Osman Baydemir bir cevap vermemiş, yatıştırmaya çalışmış...
Sonra dört gün boyunca görüşmüşler fırsat buldukça... Osman Baydemir anlatmış, kadın itiraz etmiş.
Baydemir’in yalancısıyım, en sonunda kadın, “Ben bunları bilmiyordum” demiş ve ağlamış.
Bu öykü üzerine çok mavra çevrildi. Osman Baydemir’le dalga geçildi. Baydemir’in bunca acımasız alay üzerine, gelen dalgayı sessizce geçiştirmek dışında bir şey yapmadığını söylemeliyim.
Bir Nuri Bilge filmi karşısında 4 tavır
TWİTTER’dan 29 arkadaşımla gittim Nuri Bilge Ceylan filmine...
Film karşısında dört ayrı tavır gözlemledim.
“Her tavra saygım sonsuz” diyerek aktarıyorum tavırları:
1- ÇABUCAK SIKILANLAR: Film başlıyor.
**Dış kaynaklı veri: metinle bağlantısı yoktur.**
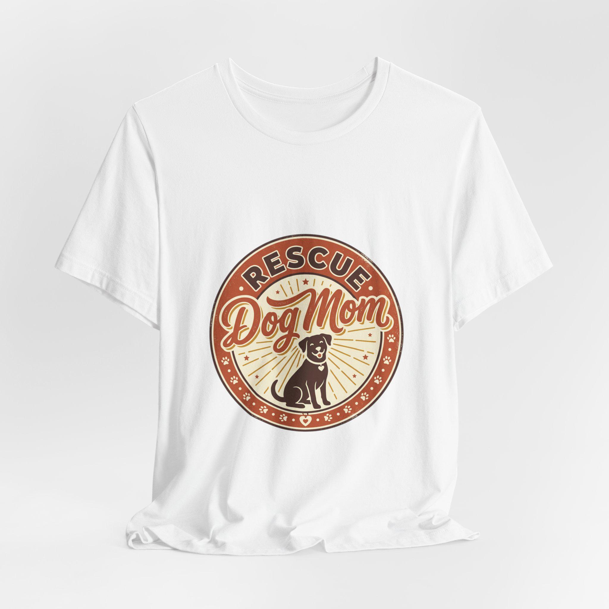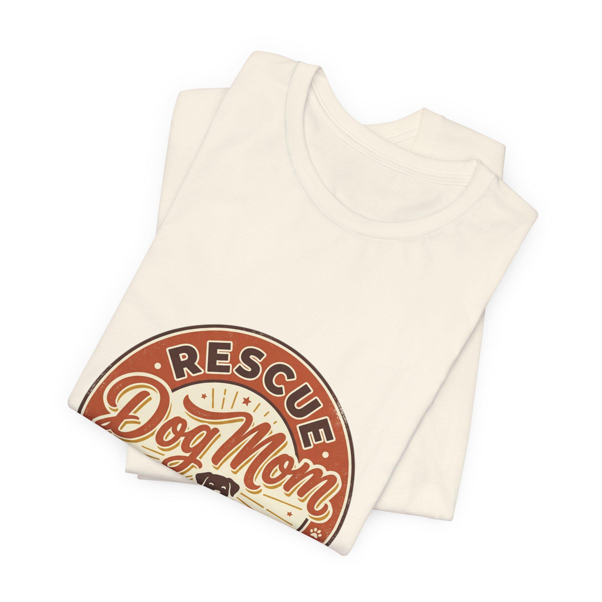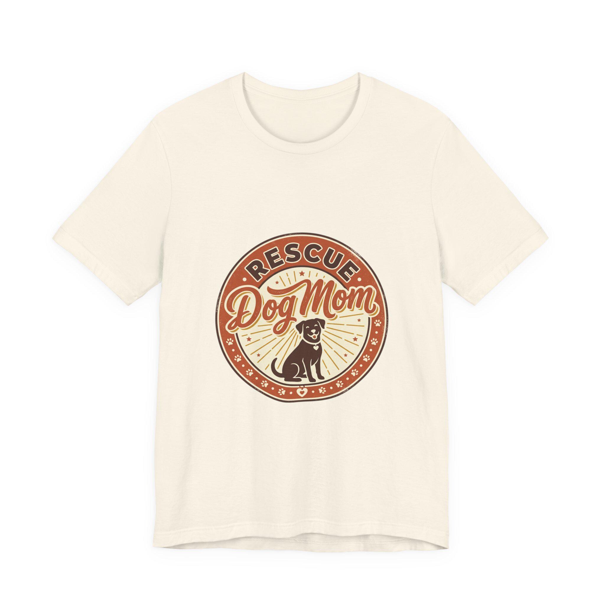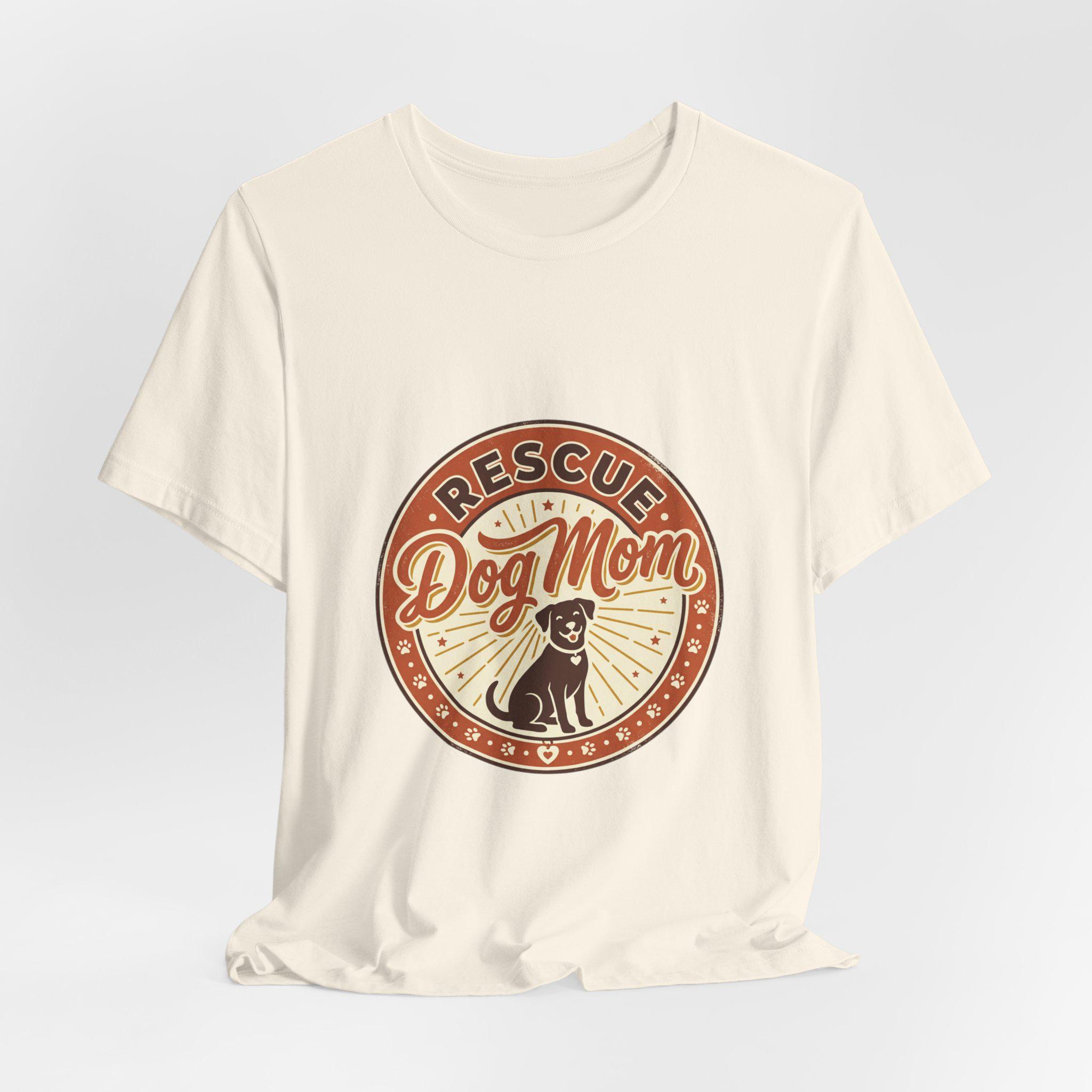 Rescue Dog Mom tee with a warm vintage badge-style illustration celebrating rescue pride. The front artwork pairs friendly script and a sunburst motif around a silhouette of a happy dog, using soft warm neutrals and a slightly distressed retro look that reads as affectionate and everyday wearable. It leans into the dog-mom identity trend—subtle, specific to rescue pride, and styled for casual layering or easy everyday wear.

Her ne kadar Nuri Bilge Ceylan’ın önceki filmlerine göre biraz daha hızlı aksa da, sonuçta yavaş akan bir film bu... Bu tür filmlere aşina olmayan ya da tavırlı olanların, filmin ilk 10 dakikasında “Eyvah! 2.5 saatlik bir kâbusun tam ortasına düştük galiba” demeleri kaçınılmazdır. İşte tam o sırada bir karar verilecek: Ya çaktırmadan uzayıp gidilecek ya da çaresiz katlanılacak. Uzayıp gidenler “çabucak sıkılanlar” kapsamındadır.
2- ‘BU NE YA’ DİYENLER: Daha önce herhangi bir Nuri Bilge filmi seyretmemiş olanlardan bazıları ise daha sabırlı olabiliyorlar. “Bakalım bu kadar ödül alan film nasıl bir filmmiş” diye geçiliyor beyaz perdenin karşısında... İlk 10 dakika geçiyor, seyircimiz “Bu ne ya?” diyor. 20 dakika... Aynı tepki... Bir saat... İki saat... Tepki hiç değişmiyor. Filmin sonunda ise şu tepkiyi veriyor: “Bekledim bir şey olacak diye ama olmadı”.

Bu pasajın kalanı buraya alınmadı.